How I Improved 16 Points On the GRE in one month?

How I scored GRE 324

I am an engineer by profession.

The first time I took the GRE test diagnostic test (without preparation), I scored 308, after working hard and improving my weak areas and eventually scored 169 on Quantitative and 155 on Verbal, and 4.0 in AWA. Let me share my GRE test prep journey.

So we all know GRE scores are an extremely important factor for universities to assess your profile. Different countries have different scoring patterns, but GRE Test has a standard scoring criterion globally. So a high GRE 324 score can furnish a very solid basis for your application. So I cannot stress this enough; you HAVE to dedicate devoted time, plenty of it, for its preparation. Unfortunately for me, I only had roughly 20 days to prepare for my exam, and I want to divulge my strategy for preparation that I hope will help anyone who has the exam coming up.

Preparation can become really messy if you have very little time left. Moreover, you cannot prepare EVERYTHING in such a short time. I assigned my last 5 days for full-length GRE practice tests ONLY and all the preceding remaining days for preparation.

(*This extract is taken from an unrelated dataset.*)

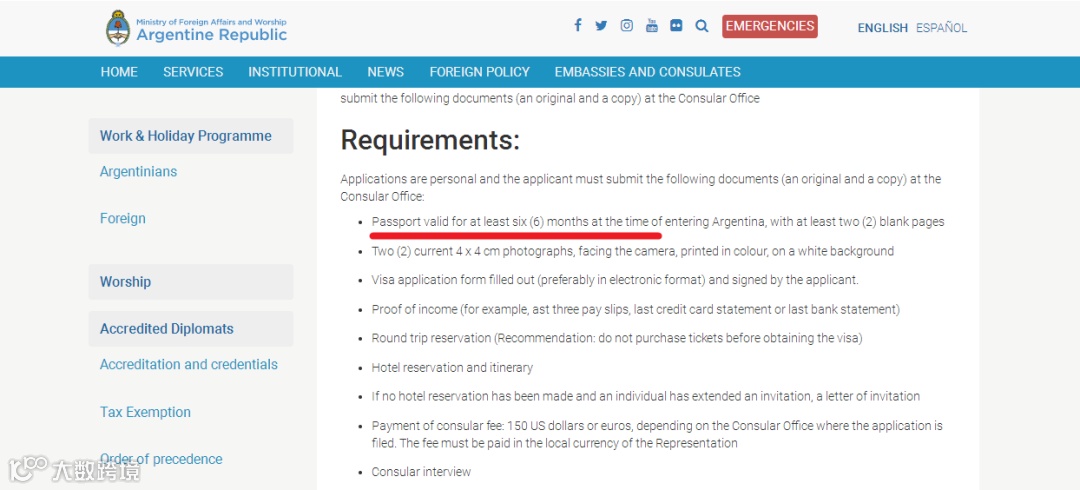 阿根廷:入境时,要求护照至少有6个月的有效期

I made a simple structure for the prep. I knew my strength was the quant section, and I could not afford to lose any points in that if I wanted a 320+ score. I took a free online full-length GRE test by Kaplan first thing before I started the prep. I got a 159 on quant and 149 on verbal. Not that good a score, but what happened was that I got to analyze my mistakes at the end of the test. Kaplan gives you details like how much time you took to solve each question, what type of questions did you answer correctly most, and what type you answered wrong most. So I recognized my weakness and started my GRE test prep giving the most importance to that.

Quant:

I used ScholarDen. I learned the concepts and practiced from it.

Verbal:

For verbal, I felt that memorizing a whole list of words was a waste of time if the exam is so near. More often than not, it confuses you on the test day if you have learned an overabundance of words that you don’t know how to use in a sentence. I used the ScholarDen and ETS official guide for verbal. An important thing to mention here is that the techniques shown are mentioned to be implemented. Do NOT take them for granted. Follow these techniques and you’ll actually know what I’m talking about. Do NOT just rely on your gut to give you the right answer. There are really good practice questions. One thing that indeed helped me was that my reading speed increased with practice. And not just the speed, I did not have to re-read the passages too. This meant I had more time for the multiple blank sentence completion questions.

Mocks:

In the final 5 days, I was doing a GRE full-length test (also known as mocks) every day. My strategy for verbal was to leave multiple blank sentence completion questions for the end since they take the most time. For Quant, I always went in order. The questions that took a little longer, I marked them and attempted them after I was done with the whole section. All the practice tests I took simulated real testing conditions. Same time of the day (important to keep the mind active that time of the day), and the same break lengths. I was scoring 168ish on quantitative, and 158-159 on verbal in the practice tests. Come the test day, I had a good protein breakfast in the morning (heard it helps), and took a red bull and a Snickers bar for the mid-break. Everything went according to the plan and got a good score.